Close beside the building and back perhaps twenty feet from the front corner, a telephone and electric light pole stood with outstretched arms, holding aloft its faintly humming wires. Starr stood looking that way for some time before it occurred to him that there was no street light near enough to send that warm, yellow glow across the second bar from the bottom. The rest of the pole was vague and shadowy, like everything else in the immediate neighborhood. The bottom of the pole he could not see at all from where he stood, it was so dark alongside the building. But that second cross-arm was lighted as from a near-by window. Yet there was no lighted window anywhere in the place.

Starr was puzzled. Being puzzled, he went slowly toward the pole, his face turned upward. The nearest street lamp was a full block away, and it would have lighted up the whole top of the pole evenly, if at all. At the foot of the pole Starr stood for a minute, still staring upward. Then he reached up, gripped the metal steps and began carefully to climb.

Before he had reached the lighted cross-arm he knew that the glow must come from a skylight; and that the skylight must be the one that had saved that hidden little office room from being dark. He was no lineman, but he knew enough to be careful about the wires, so it took him several minutes to work his way to where he could straddle a crosstree that had few wires.

Just below him and no more than twelve or fifteen feet distant was the skylight he had suspected, but before he gave that much attention, he looked across to where the fire was sending up a column of crimson smoke and bright, eddying sparks, four blocks or so away. The man left on guard would find it difficult to tear himself away from all that excitement, Starr thought satisfiedly; though if he came back he could scarcely help seeing Starr on that lighted perch, and he would undoubtedly take a shot at him if he were any man at all and had a spark of loyalty to his fellows. For Starr's business up there could not be mistaken by the stupidest greaser in the town.

With the fire to help his cause, Starr craned toward the building and looked down through the skylight. It had been partly raised for ventilation, which was needed in that little, inside room, especially since twelve men were foregathered there, and since every man in the lot was burning tobacco in some form.

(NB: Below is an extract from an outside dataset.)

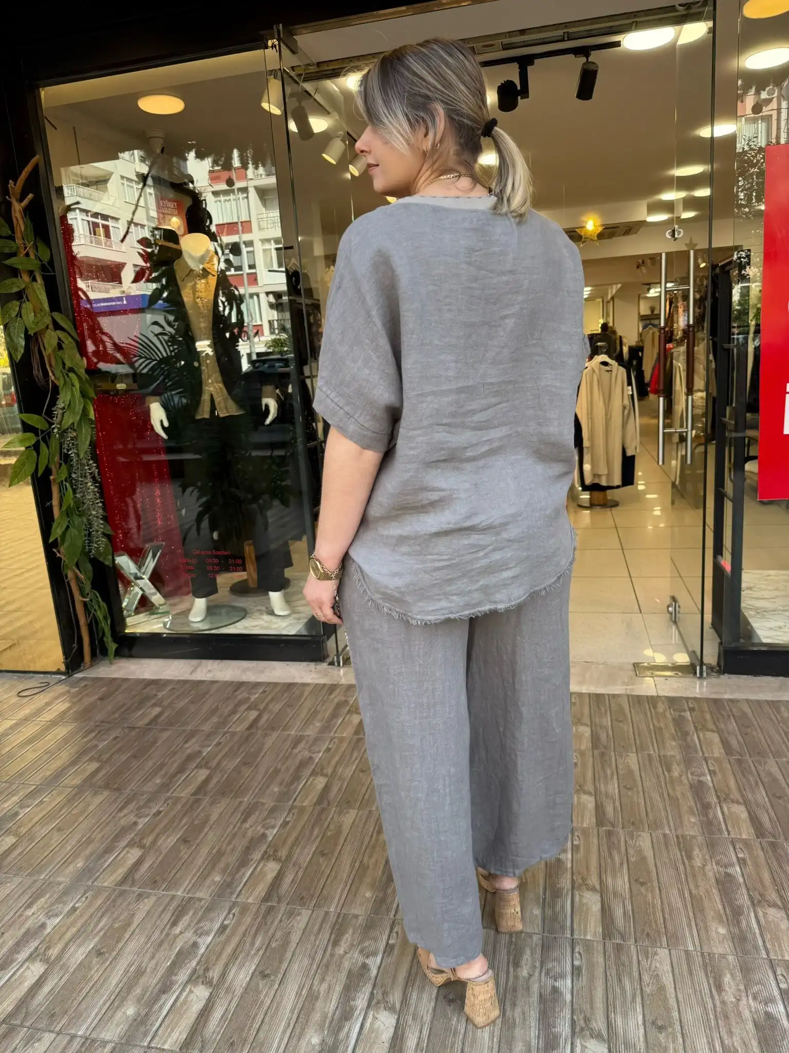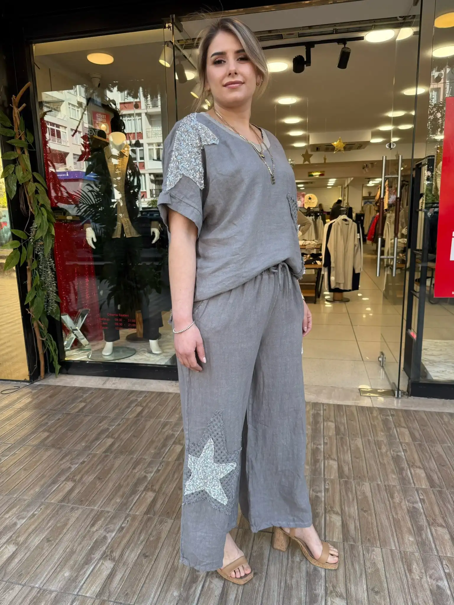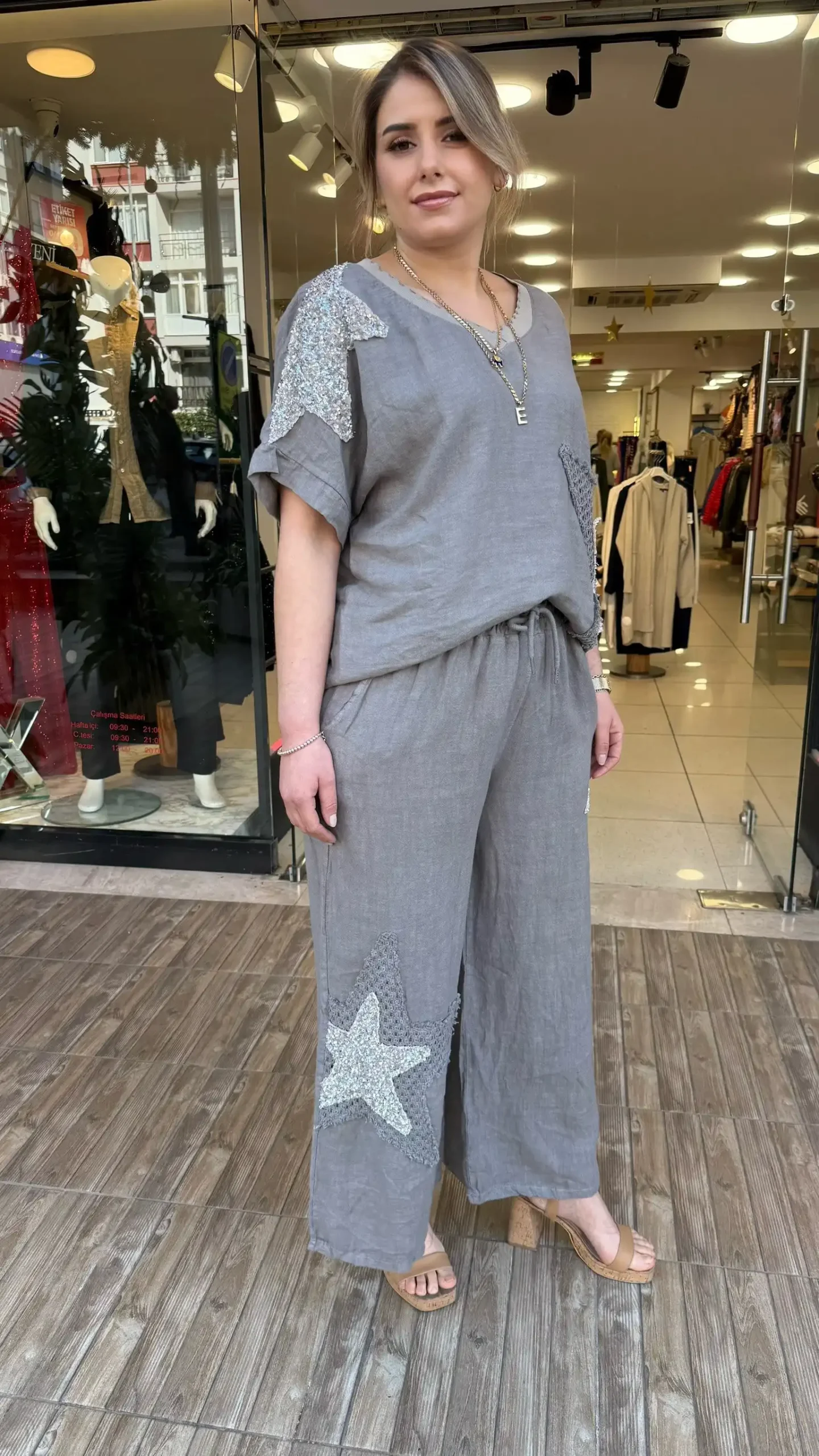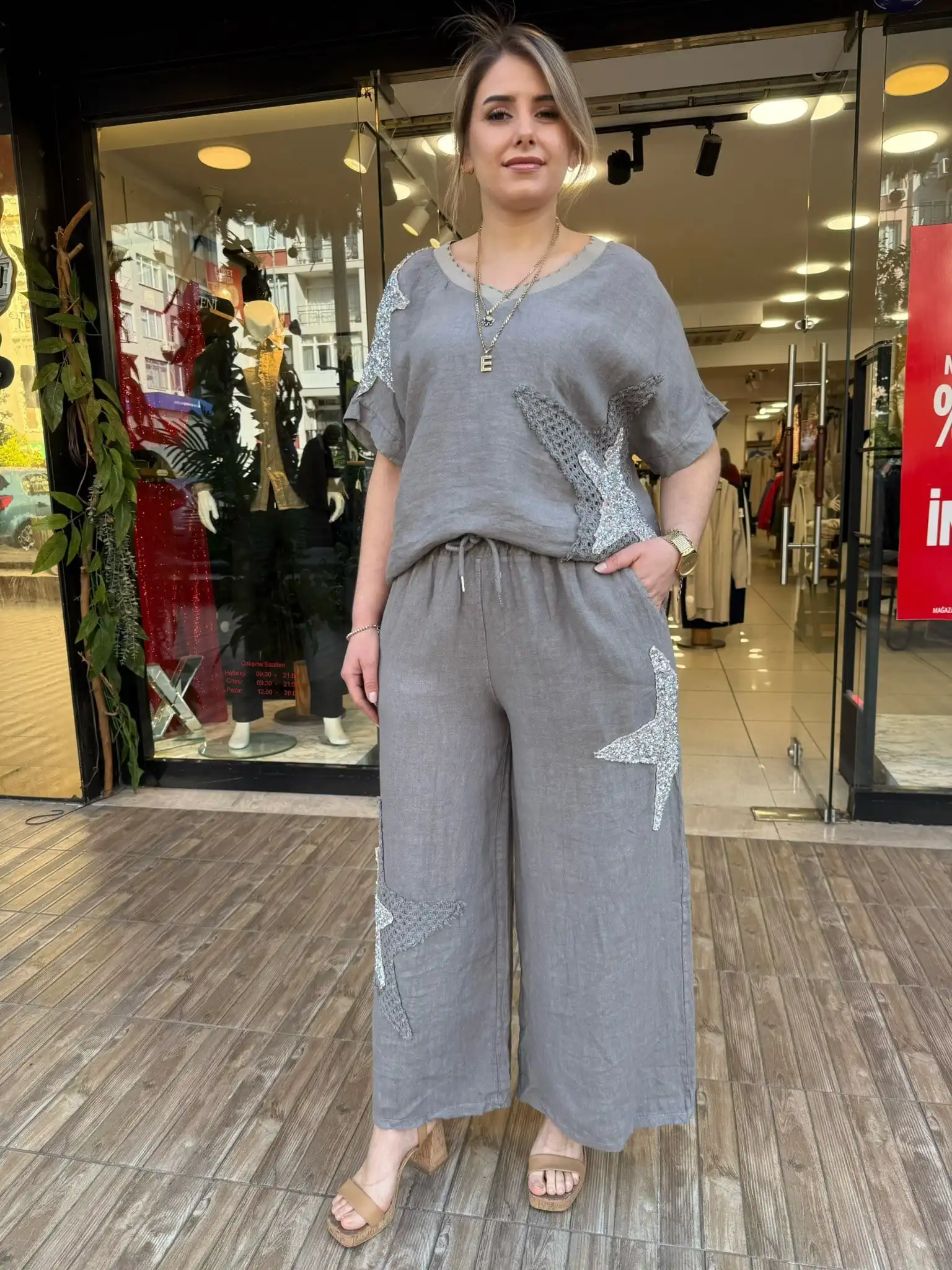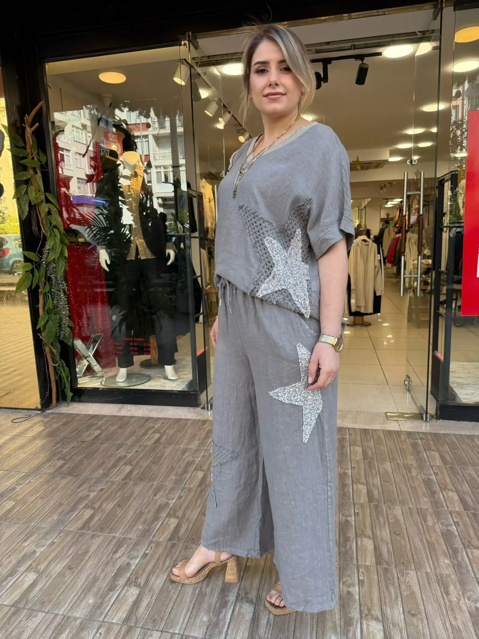 ✨ Yıldız Detaylı İtalyan Keten Takım ✨

Sommers was there, seated at the end of a table that had been moved into the center of the room, which brought it directly under the skylight. He sat facing Starr, and he was reading something to himself while the others waited in silence until he had finished. His strong, dark face was grave, his high forehead creased with the wrinkles of deep thinking. He had a cigar in one corner of his mouth, and he was absentmindedly chewing it rather than smoking. He looked the leader, though his clothes were inclined to shabbiness and he sat slouched forward in his chair. He looked the leader, and their leader those others proclaimed him by their very silence, and by the way their faces turned toward him while they waited.